Saturday, September 06, 2008

McCain's Scheme to Attract Clinton Voters Not Working

According to the AP:
Evidence shows that [Sarah] Palin is not drawing a lot of support from voters outside the Republican base. An ABC News poll released Friday found the selection of Palin makes people likelier to vote for McCain by just 6 percentage points.

That's just half the 12-point margin by which Sen. Joe Biden makes them more likely to support Barack Obama.

And as for Clinton supporters, eight in 10 said they would vote for Obama in November, according to a Gallup Poll conducted last weekend after McCain announced his selection of Palin.
Perhaps the McCain team should have spent more time using Palin to attack Biden rather than Obama since Biden makes them twice as likely to vote for Obama than Palin makes them likely to vote for McCain.

But if Norm Ornstein is correct and McCain was backed into selecting Palin because several state delegations threatened to walk out of the convention if he went with his first choice, Joe Lieberman, then the real misstep came much earlier. McCain would have had a lot more credibility with Independents and some Democrats if he had said, "Look: I am breaking with business as usual. I am bucking my party and the social conservatives, who have been wrong for the last 8 years. In the spirit of bipartisanship and for the sake of all sides in our country, I am choosing Joe Lieberman to be my running mate."

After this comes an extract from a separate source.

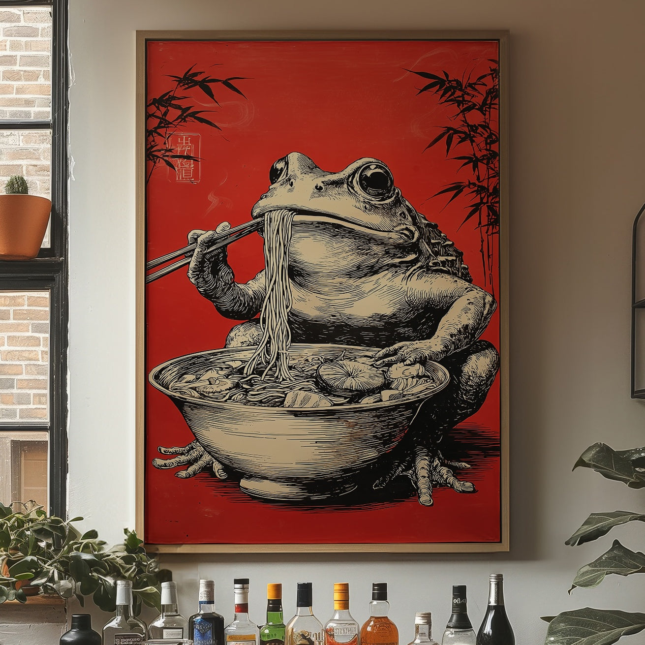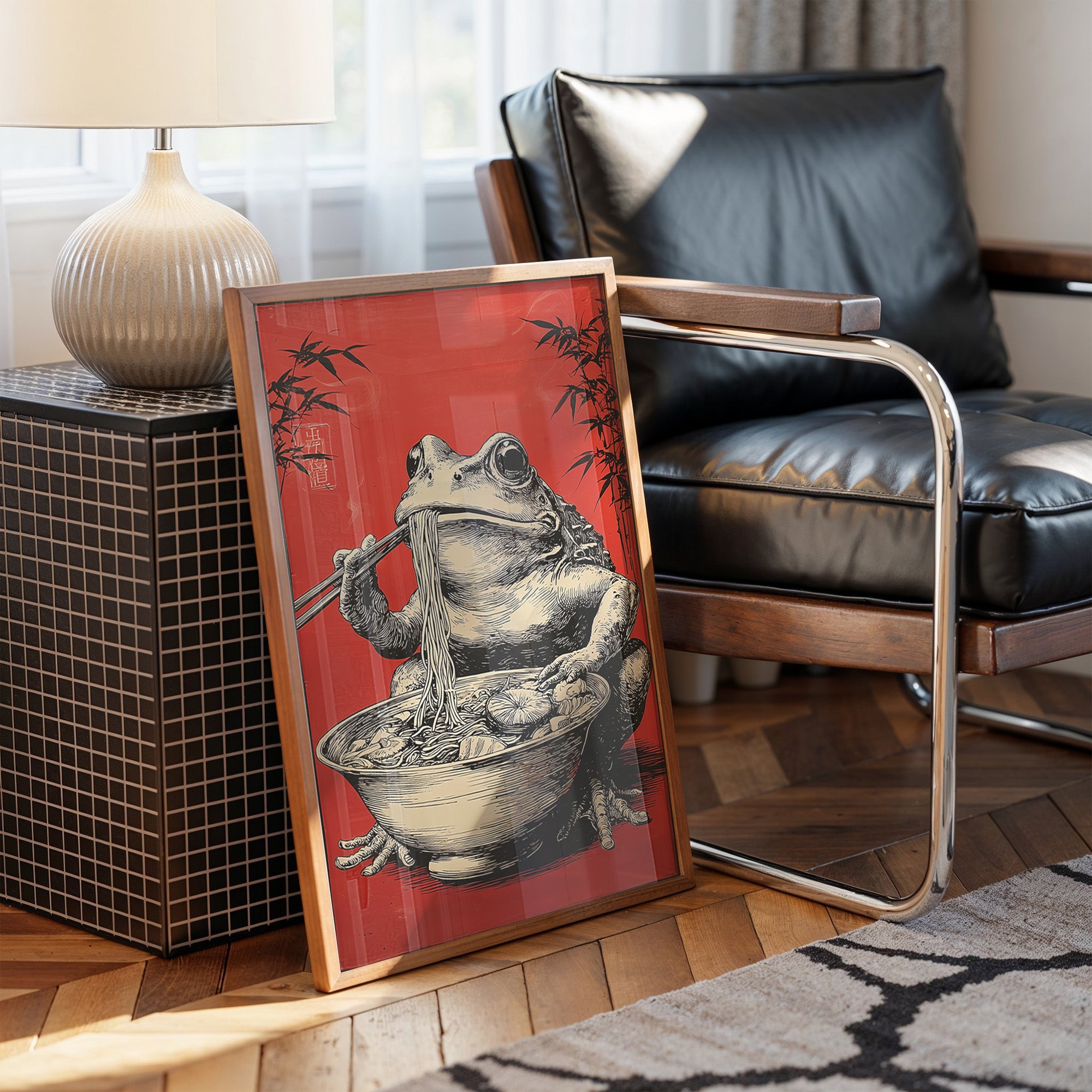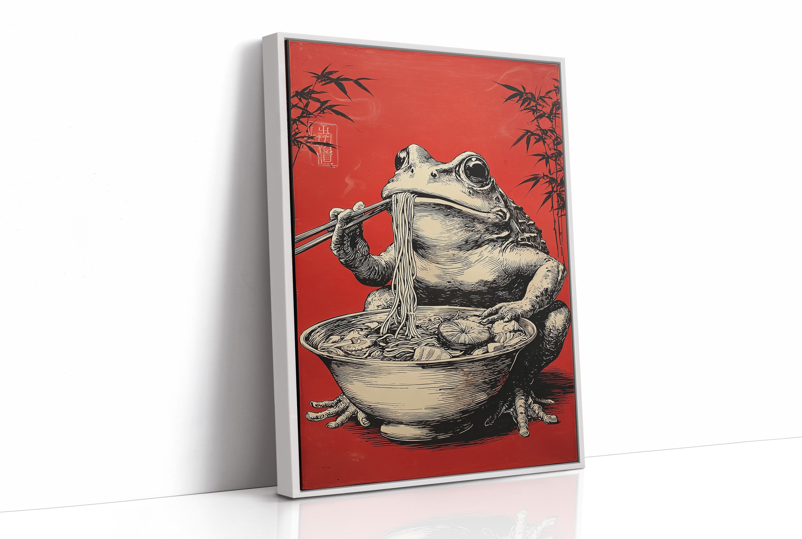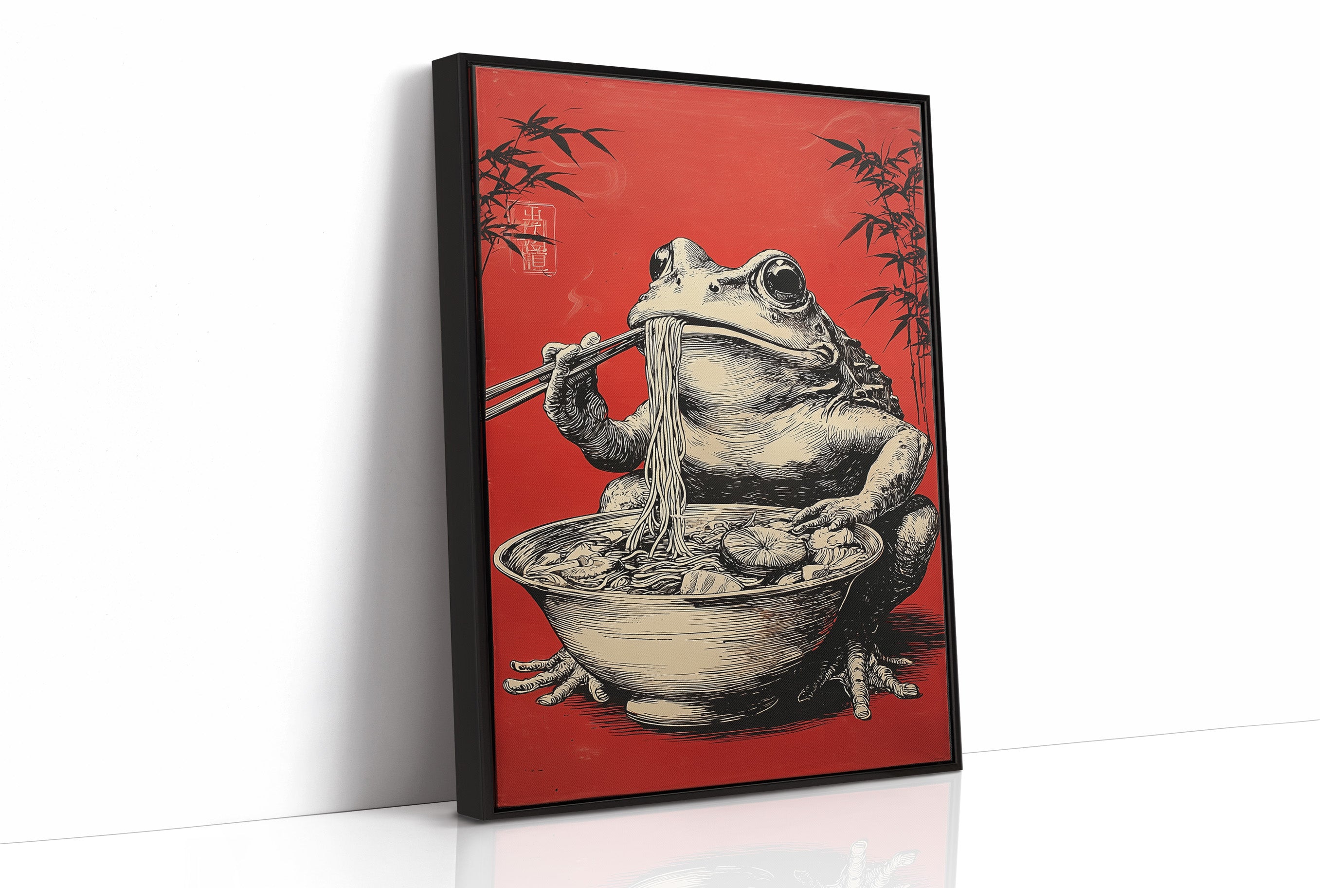 A whimsical scene unfolds as a rotund frog perches contentedly over a steaming bowl of noodles, chopsticks poised with practiced precision. Against a striking crimson background adorned with delicate bamboo silhouettes, this illustration marries Eastern artistic traditions with contemporary humor. The detailed crosshatching and masterful linework bring the amphibian gourmand to life, creating an engaging character study that balances sophistication with playful charm. This piece would make a delightful focal point in a modern dining room or add personality to a minimalist kitchen space, where its bold red backdrop and artistic narrative can spark conversation.
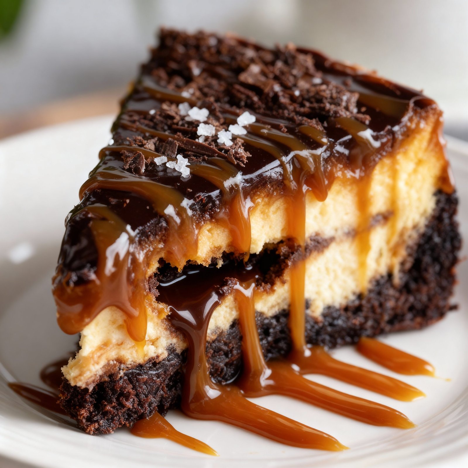 Decadent triple-layer dessert featuring a fudgy brownie base, creamy cheesecake layer, and a salted caramel drizzle, perfect as a show-stopping treat.

He could have more legitimately claimed the mantle of change. And ironically, it might have even rendered Barack Obama's decision not to put Hillary Clinton on the ticket weaker than it turned out to be, not because she is a woman, but because it would have brought the two sides of the Democratic fight together more quickly and easily. The Iraq War still would have been an issue, but a host of other problems that attach to Sarah Palin and George W. Bush would have been easier to shed.